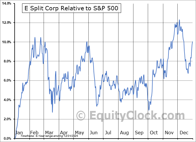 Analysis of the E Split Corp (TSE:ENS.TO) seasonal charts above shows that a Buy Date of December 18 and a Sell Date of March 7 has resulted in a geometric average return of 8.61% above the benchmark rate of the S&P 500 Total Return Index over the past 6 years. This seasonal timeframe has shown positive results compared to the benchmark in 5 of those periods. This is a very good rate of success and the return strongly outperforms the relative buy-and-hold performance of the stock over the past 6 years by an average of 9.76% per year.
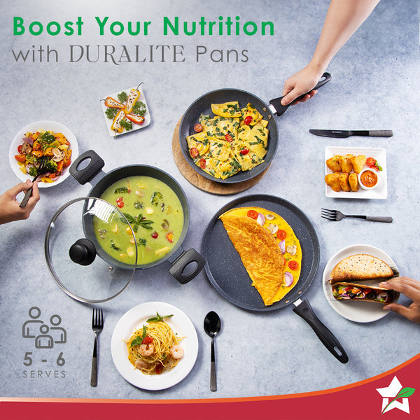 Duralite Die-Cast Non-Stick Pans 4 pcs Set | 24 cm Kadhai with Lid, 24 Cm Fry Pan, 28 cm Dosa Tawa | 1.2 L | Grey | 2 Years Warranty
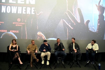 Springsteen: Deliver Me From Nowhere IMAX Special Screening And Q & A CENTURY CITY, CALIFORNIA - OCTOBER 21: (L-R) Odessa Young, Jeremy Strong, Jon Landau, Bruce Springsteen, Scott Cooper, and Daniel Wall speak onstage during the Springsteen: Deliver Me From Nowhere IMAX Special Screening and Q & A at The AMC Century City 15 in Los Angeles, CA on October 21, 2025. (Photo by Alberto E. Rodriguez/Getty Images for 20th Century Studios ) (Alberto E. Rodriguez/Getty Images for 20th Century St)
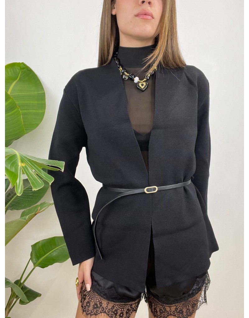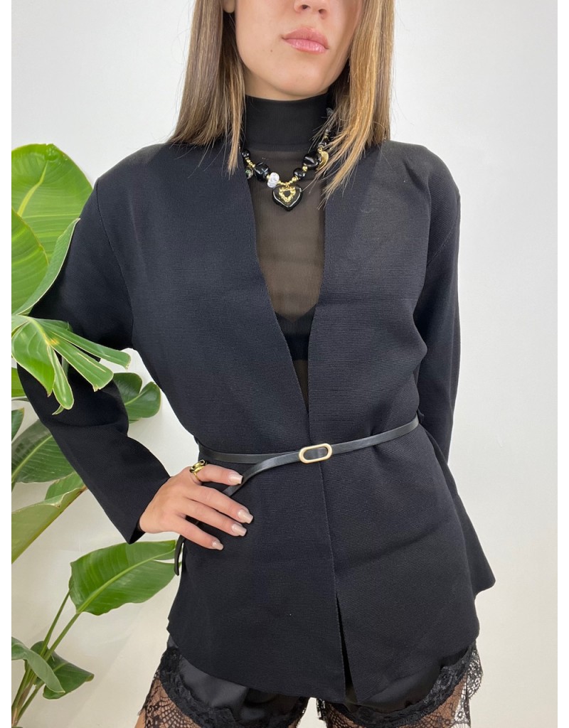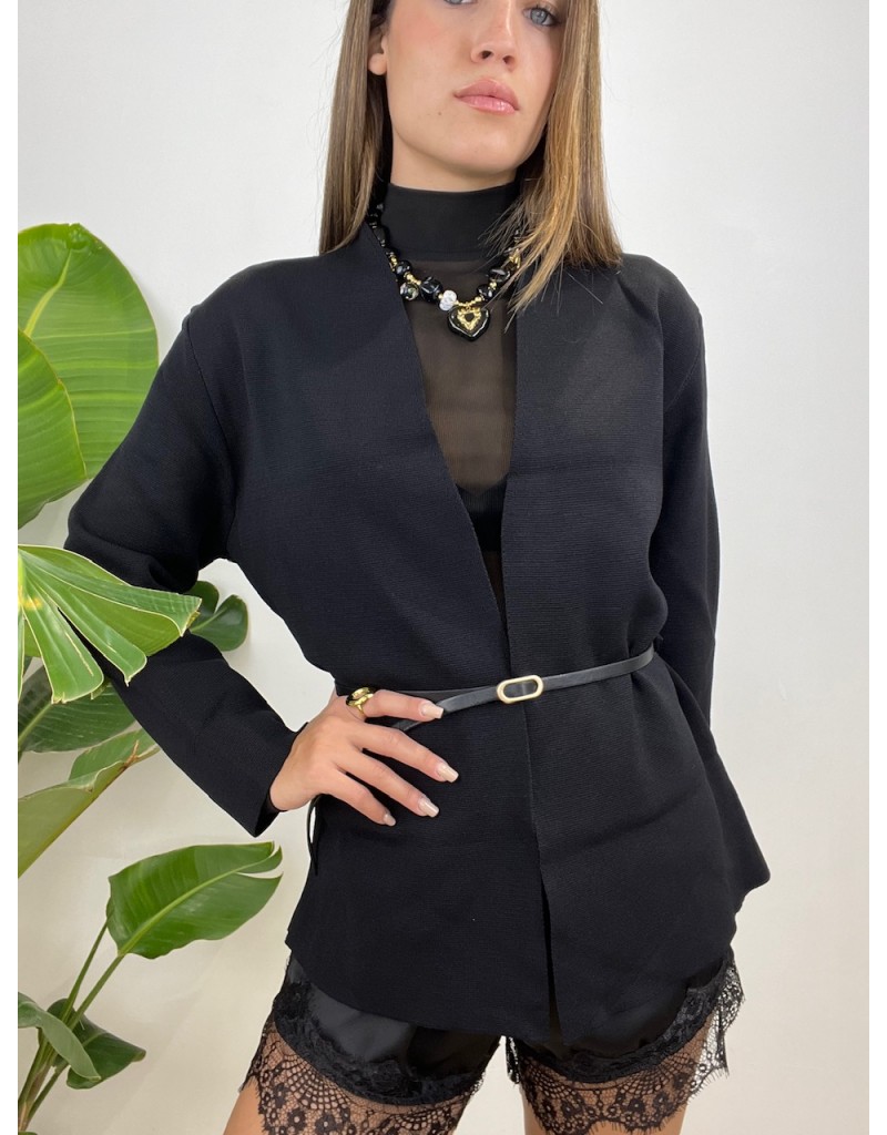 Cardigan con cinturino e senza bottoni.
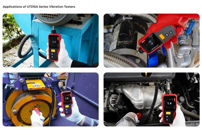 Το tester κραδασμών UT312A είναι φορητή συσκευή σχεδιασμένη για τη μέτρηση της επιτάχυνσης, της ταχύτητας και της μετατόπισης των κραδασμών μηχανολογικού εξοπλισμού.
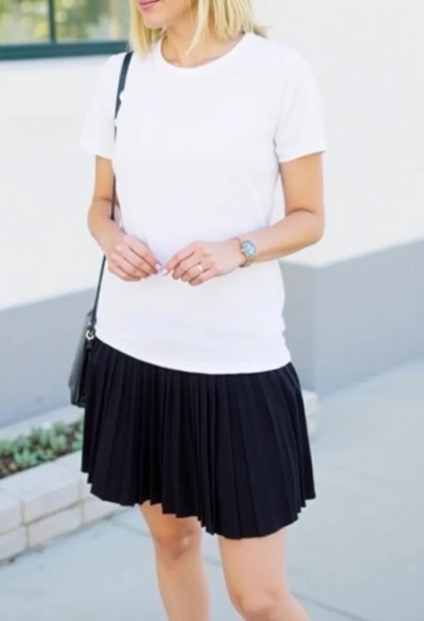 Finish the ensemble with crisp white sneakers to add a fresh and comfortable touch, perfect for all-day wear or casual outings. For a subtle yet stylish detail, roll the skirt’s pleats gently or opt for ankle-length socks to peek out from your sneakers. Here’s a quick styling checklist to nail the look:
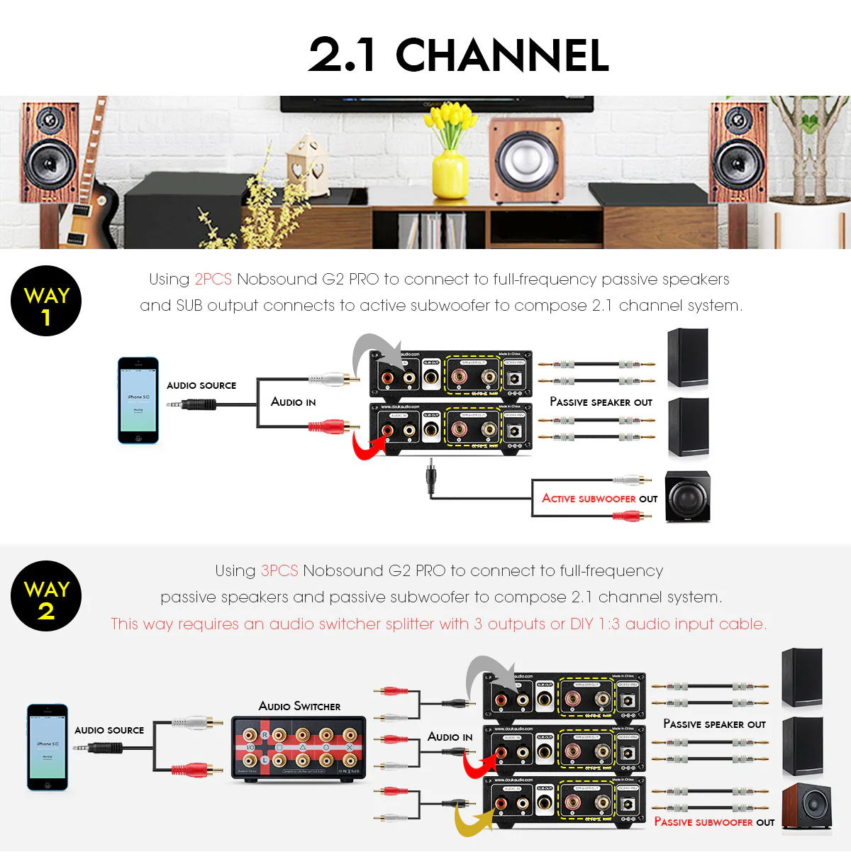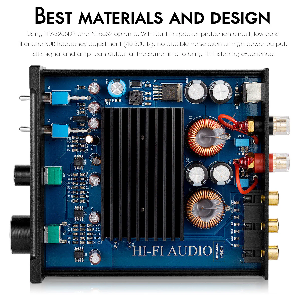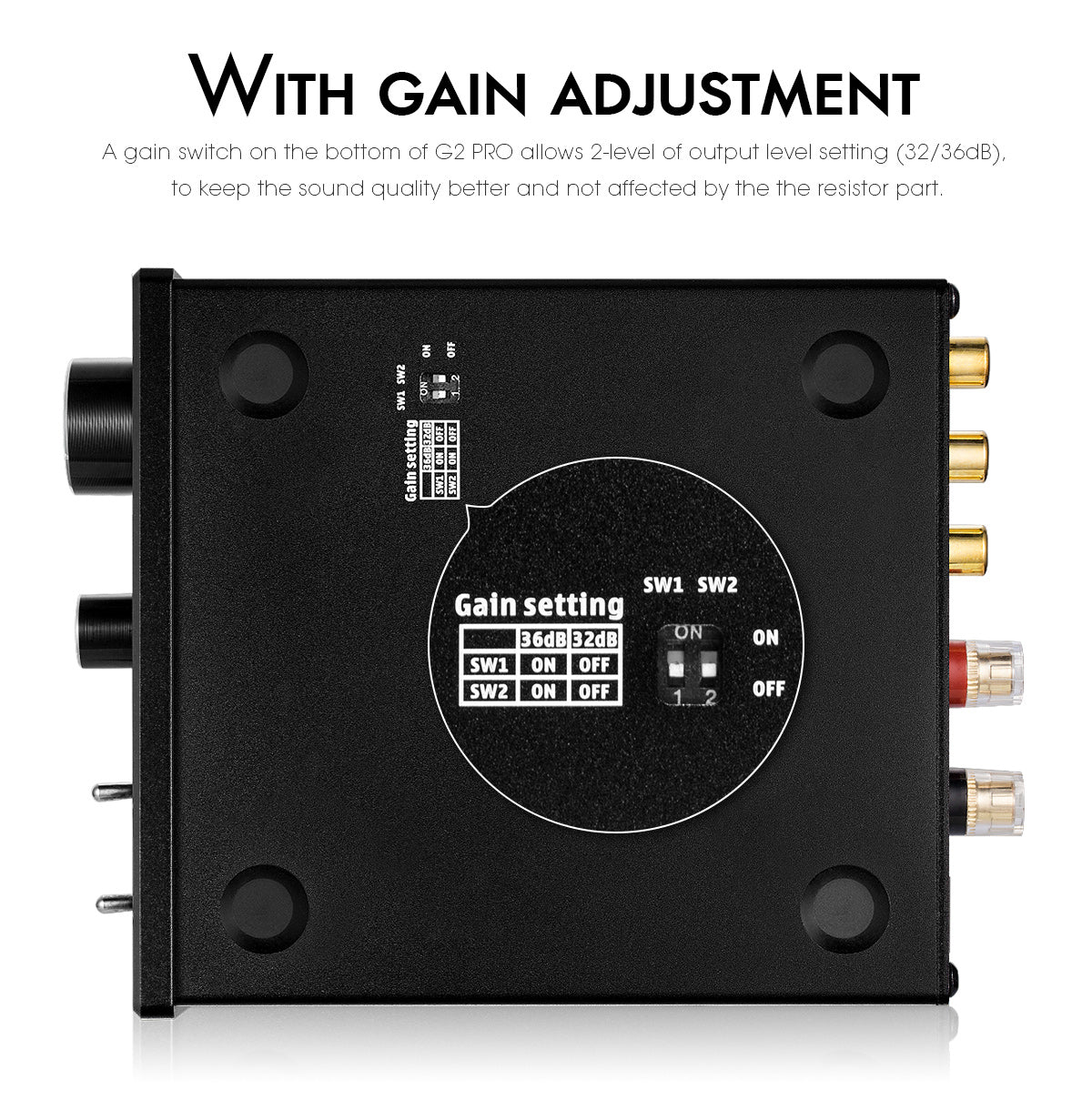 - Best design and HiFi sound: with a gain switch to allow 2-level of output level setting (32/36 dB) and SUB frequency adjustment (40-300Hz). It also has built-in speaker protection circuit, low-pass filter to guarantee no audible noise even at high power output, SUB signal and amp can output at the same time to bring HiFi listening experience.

-=-=-

> [Description of the task] Start at the line containing "Το tester κραδασμών" above and stop at the line containing "Finish the ensemble". Output those lines exactly, both included, but none of the pictures.

> [Written answer]
 Το tester κραδασμών UT312A είναι φορητή συσκευή σχεδιασμένη για τη μέτρηση της επιτάχυνσης, της ταχύτητας και της μετατόπισης των κραδασμών μηχανολογικού εξοπλισμού.
 Finish the ensemble with crisp white sneakers to add a fresh and comfortable touch, perfect for all-day wear or casual outings. For a subtle yet stylish detail, roll the skirt’s pleats gently or opt for ankle-length socks to peek out from your sneakers. Here’s a quick styling checklist to nail the look:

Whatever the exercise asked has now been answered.